The attack in the southern province of Kahramanmaras province was Turkey’s second such incident in as many days, shocking a country where school shootings are a rare occurrence.
Interior Minister Mustafa Ciftci confirmed nine deaths, with 13 wounded — six in intensive care, three of them in a critical condition.
The minister described the attacker as an “eigth grade student aged 14.”
“A student came to school with guns that we believe belonged to his father in his backpack. He entered two classrooms and opened fire randomly, causing injuries and deaths,” Kahramanmaras province governor Mukerrem Unluer told reporters earlier in the day.
Dramatic video footage filmed by a resident of a nearby building and verified by AFP shows students jumping from a first-floor window of the school to escape the gunfire, while dozens of others flee through the courtyard.
About 15 gunshots can be heard in the one-and-a-half-minute video.
Unluer said the attacker was the son of a former police officer, armed with five guns and seven magazines. He died during the incident.
“He shot himself. It is not yet clear whether this was suicide or happened amid the chaos,” he said.
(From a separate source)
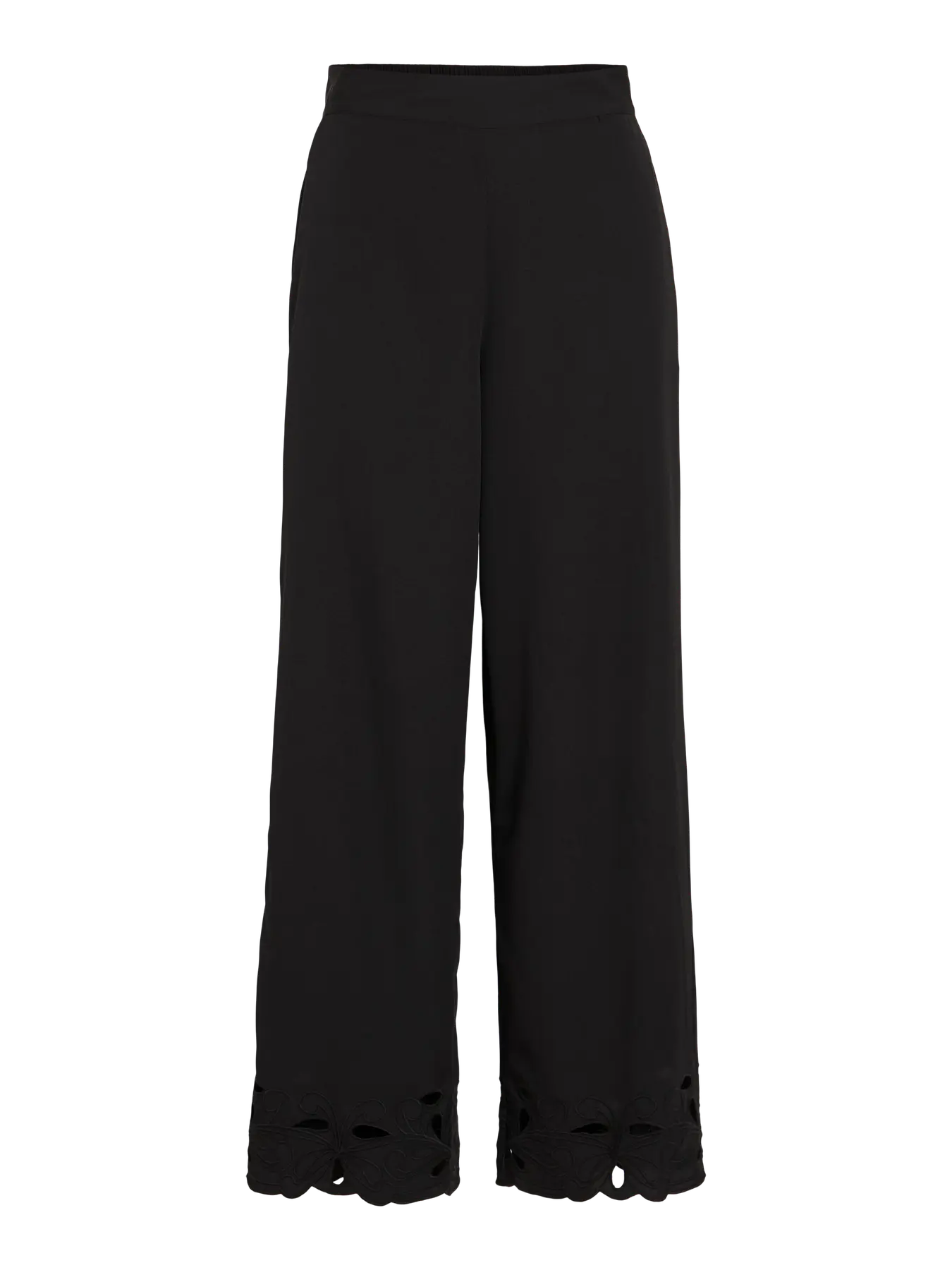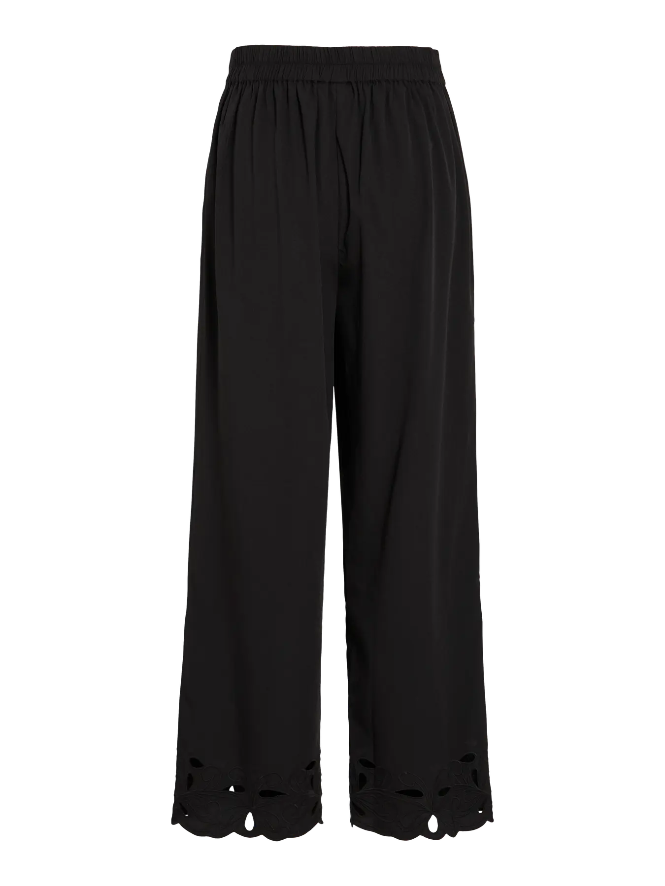 Calça estilo boho-chic, em tom preto, de cintura subida (costas elásticas), com bolsos laterais. Corte direito, com perna recortada em baixo em forma de flor.

Police detained the shooter’s father, Ugur Mersinli, the official Anadolu news agency reported.
Footage released by IHA private news agency showed a person, body and face covered, being evacuated in an ambulance during the attack, as well as tearful parents who had rushed to the school in the southern province’s main city, Kahramanmaras.
IHA via AP
Police increased security around the building, and television footage showed ambulances in the area. Justice Minister Akin Gurlek said prosecutors had launched an immediate investigation.
The shooting came after another attacker on Tuesday opened fire with a shotgun at his former high school in Siverek district of Sanliurfa province, wounding 16 people before killing himself in a showdown with police. Ten students were among the wounded in that incident, in which the 18-year-old attacker fired randomly inside the vocational high school.
He killed himself with the shotgun after he was “cornered by police,” Gov. Hasan Sildak said, The Associated Press reported.
The motive for that attack was unclear, and Sildak said the attacker had no criminal record.
President Recep Tayyip Erdogan, speaking to the ruling AKP party in parliament, promised that those found to have been negligent or at fault “will certainly be held accountable” over the school shootings. Police detained one suspect after Tuesday’s attack and suspended four officials from duty, Erdogan said. The school was ordered closed for four days.
School shootings in Turkey had been rare until this week. Turkey has strict gun laws that require licensing, registration, mental and criminal background checks, and severe penalties for illegal possession.